What is trace retention
Tracing is an indispensable tool for application performance management (APM) providing insights into how a certain transaction or a request performed – the services involved, the relationships between the services and the duration of each service. This is especially useful in a multi-cloud, distributed microservices environment with complex interdependent services. These data points in conjunction with logs and metrics from the entire stack provide crucial insights into the overall application performance and help debug applications and deliver a consistent end-user experience.
Amongst all observability ingest data, trace data is typically stored for an hour or two.

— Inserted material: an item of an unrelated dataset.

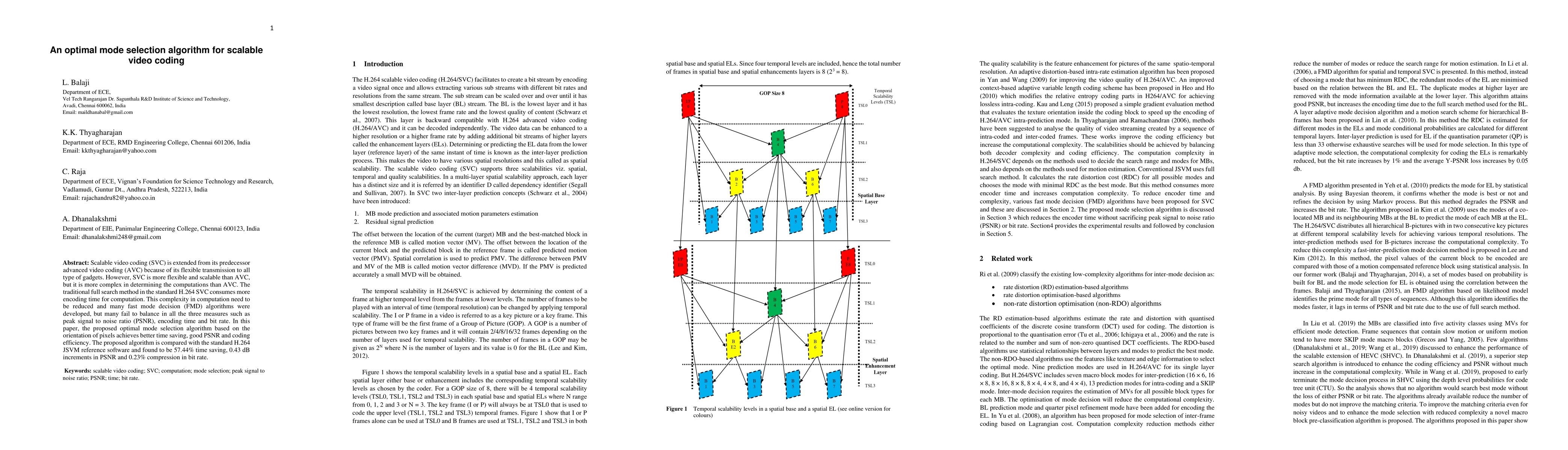 This paper proposes an optimal mode selection algorithm for scalable video coding (SVC) that reduces computation complexity, achieving significant time savings, improved peak signal to noise ratio (PSNR), and better coding efficiency compared to the standard H.264 JSVM reference software. The algorithm demonstrates a 57.44% reduction in encoding time, 0.43 dB increase in PSNR, and 0.23% improvement in bit rate compression.

This is because trace data by itself is humongous. For just one transaction, there will be multiple services or APIs involved and imagine an organization running thousands of business transactions an hour which translates to hundreds of millions of API calls an hour. Storing traces for all these transactions would need Tera Bytes of storage and extremely powerful compute engines for index, visualization, and search.
Why is it required
To strike a balance between storage/compute costs and troubleshooting ease, most organizations choose to retain only a couple of hours of trace data. What if we need historical traces? Today, modern APM tools like SnappyFlow have the advantage of intelligently and selectively retaining certain traces beyond this limit of a couple of hours. This is enabled for important API calls and certain calls which are deemed anomalous by the tool. In most troubleshooting scenarios, we do not need all the trace data. For example, a SaaS-based payment solutions provider would want to monitor more important APIs/services related to payments rather than say customer support services.
Intelligent trace retention with SnappyFlow
SnappyFlow by default retains traces for
SnappyFlow by default retains traces for
HTTP requests with durations > 90th percentile (anomalous incidents)

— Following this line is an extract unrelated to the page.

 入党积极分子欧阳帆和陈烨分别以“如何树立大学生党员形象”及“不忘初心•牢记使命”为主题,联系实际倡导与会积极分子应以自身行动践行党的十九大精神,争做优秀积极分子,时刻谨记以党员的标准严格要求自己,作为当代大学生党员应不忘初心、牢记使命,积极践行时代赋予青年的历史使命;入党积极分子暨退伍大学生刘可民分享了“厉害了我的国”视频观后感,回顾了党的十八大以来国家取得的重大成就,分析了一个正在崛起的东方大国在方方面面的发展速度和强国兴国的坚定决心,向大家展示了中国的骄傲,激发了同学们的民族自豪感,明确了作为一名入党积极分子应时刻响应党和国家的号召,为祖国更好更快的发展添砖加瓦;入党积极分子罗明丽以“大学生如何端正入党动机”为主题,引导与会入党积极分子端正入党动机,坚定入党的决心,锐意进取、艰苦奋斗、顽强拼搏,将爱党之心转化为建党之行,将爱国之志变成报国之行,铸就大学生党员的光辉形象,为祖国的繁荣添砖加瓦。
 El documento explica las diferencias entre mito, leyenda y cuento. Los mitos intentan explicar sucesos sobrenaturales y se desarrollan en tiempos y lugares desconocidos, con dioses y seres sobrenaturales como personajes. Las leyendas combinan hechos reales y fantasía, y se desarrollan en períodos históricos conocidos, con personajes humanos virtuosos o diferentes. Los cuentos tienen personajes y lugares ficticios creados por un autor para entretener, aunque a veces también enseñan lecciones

In addition to these rules, users can specify additional rules to filter out services, transaction types, request methods, response codes and transaction duration. These rules are run every 30 minutes and all traces that satisfy these conditions are retained for future use.
With the built-in trace history retention and custom filters enabled, SREs and DevOps practitioners can look further to understand historical API performance, troubleshoot effectively and provide end-users with a consistent and delightful user experience.